● **Exercise**: Go through the listing below and retype exactly the lines starting at the one with "配音神器是一款专注于文字转语" and ending at the one with "사업영역을 제외한 재무제표의", skipping pictures.

● **Input data**:
[Start of Attachment]

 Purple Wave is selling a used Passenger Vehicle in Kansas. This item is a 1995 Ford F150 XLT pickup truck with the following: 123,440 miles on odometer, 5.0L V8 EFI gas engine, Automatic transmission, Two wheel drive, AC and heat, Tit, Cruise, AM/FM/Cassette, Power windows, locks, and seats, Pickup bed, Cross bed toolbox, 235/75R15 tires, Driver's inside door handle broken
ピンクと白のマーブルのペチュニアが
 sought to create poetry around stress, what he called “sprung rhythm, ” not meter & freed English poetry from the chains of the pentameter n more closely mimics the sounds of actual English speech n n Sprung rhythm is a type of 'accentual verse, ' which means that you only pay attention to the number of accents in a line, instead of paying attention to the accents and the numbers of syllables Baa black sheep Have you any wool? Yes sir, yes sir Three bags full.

[End of Attachment]
[Start of Attachment]

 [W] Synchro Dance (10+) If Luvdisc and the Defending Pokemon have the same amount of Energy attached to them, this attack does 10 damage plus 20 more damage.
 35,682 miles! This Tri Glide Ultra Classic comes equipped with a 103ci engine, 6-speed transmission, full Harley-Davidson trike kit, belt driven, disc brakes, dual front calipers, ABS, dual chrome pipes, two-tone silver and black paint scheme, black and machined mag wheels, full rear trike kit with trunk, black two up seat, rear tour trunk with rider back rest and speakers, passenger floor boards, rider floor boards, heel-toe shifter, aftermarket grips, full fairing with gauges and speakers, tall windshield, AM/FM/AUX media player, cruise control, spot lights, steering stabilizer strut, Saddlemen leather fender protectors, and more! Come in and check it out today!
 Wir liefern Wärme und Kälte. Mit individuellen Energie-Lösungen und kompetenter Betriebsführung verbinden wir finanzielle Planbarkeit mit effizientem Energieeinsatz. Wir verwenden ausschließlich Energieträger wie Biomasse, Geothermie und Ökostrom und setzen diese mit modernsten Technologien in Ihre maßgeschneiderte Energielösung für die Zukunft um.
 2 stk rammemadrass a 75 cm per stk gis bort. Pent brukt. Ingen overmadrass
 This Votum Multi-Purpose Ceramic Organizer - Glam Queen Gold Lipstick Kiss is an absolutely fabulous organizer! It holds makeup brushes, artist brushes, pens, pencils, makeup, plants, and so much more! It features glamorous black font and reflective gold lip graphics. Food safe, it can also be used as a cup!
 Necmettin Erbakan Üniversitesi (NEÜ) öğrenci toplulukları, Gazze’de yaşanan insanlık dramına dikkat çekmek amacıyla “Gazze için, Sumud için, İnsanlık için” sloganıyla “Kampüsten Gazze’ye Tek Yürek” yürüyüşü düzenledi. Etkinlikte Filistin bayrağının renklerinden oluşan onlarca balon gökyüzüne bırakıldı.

[End of Attachment]
[Start of Attachment]

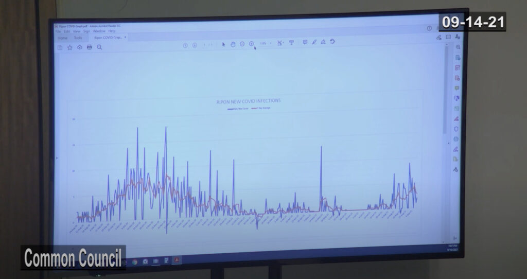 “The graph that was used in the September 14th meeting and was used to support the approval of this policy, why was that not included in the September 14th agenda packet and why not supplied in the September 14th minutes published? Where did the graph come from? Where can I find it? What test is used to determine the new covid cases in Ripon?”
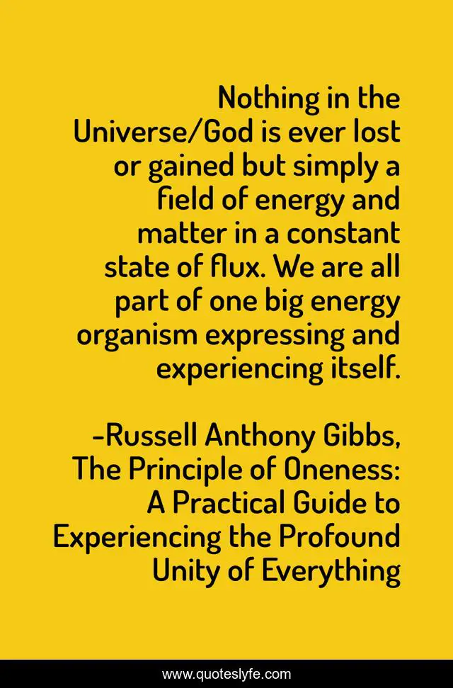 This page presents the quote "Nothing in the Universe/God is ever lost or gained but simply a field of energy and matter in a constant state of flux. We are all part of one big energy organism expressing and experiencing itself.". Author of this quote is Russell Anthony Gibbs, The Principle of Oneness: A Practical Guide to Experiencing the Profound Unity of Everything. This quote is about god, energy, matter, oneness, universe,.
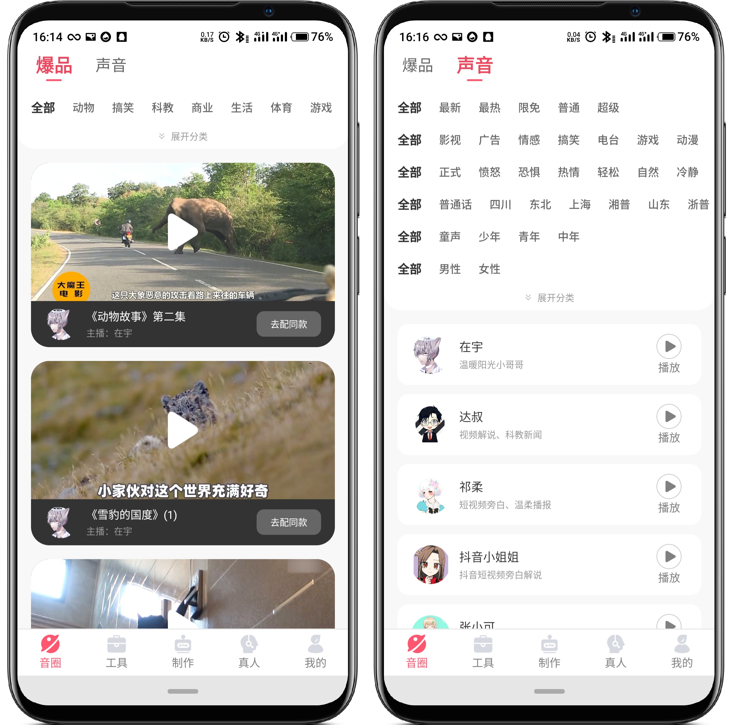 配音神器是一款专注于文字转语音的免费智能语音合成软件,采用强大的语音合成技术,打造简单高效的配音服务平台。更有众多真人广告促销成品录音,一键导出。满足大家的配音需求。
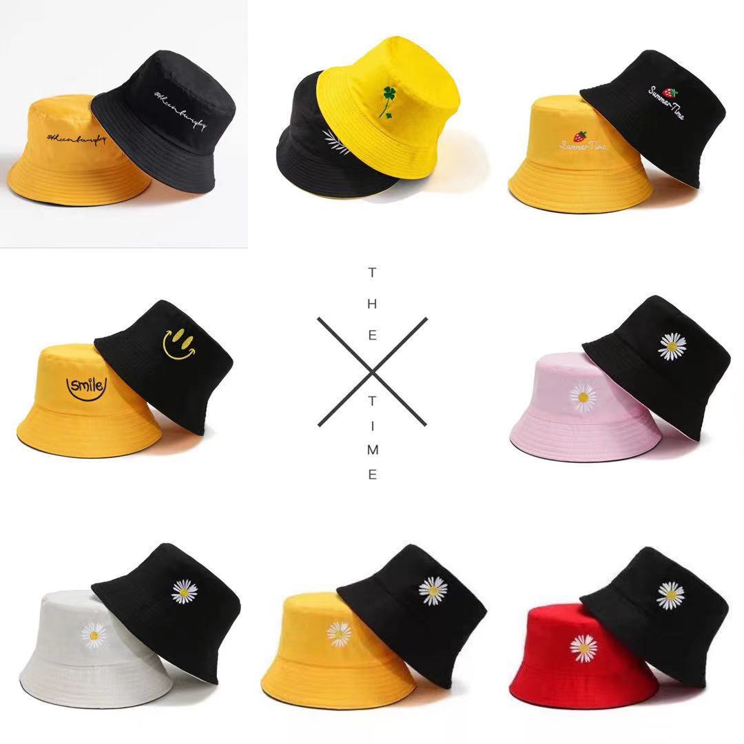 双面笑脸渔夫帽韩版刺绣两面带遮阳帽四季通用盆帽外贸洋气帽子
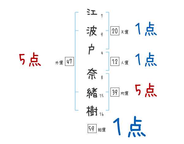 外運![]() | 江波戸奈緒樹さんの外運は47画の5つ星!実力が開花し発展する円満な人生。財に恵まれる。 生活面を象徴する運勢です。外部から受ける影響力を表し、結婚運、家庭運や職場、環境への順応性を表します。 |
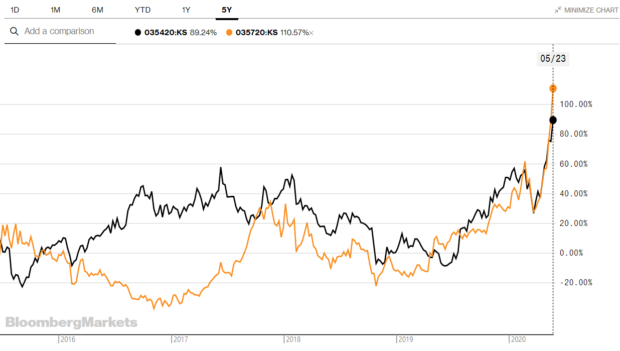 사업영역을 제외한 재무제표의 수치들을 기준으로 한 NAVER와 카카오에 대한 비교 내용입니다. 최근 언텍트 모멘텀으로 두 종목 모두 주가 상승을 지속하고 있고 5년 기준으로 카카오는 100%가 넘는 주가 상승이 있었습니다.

[End of Attachment]

● **Problem solution**:
 配音神器是一款专注于文字转语音的免费智能语音合成软件,采用强大的语音合成技术,打造简单高效的配音服务平台。更有众多真人广告促销成品录音,一键导出。满足大家的配音需求。
 双面笑脸渔夫帽韩版刺绣两面带遮阳帽四季通用盆帽外贸洋气帽子
 外運![]() | 江波戸奈緒樹さんの外運は47画の5つ星!実力が開花し発展する円満な人生。財に恵まれる。 生活面を象徴する運勢です。外部から受ける影響力を表し、結婚運、家庭運や職場、環境への順応性を表します。 |
 사업영역을 제외한 재무제표의 수치들을 기준으로 한 NAVER와 카카오에 대한 비교 내용입니다. 최근 언텍트 모멘텀으로 두 종목 모두 주가 상승을 지속하고 있고 5년 기준으로 카카오는 100%가 넘는 주가 상승이 있었습니다.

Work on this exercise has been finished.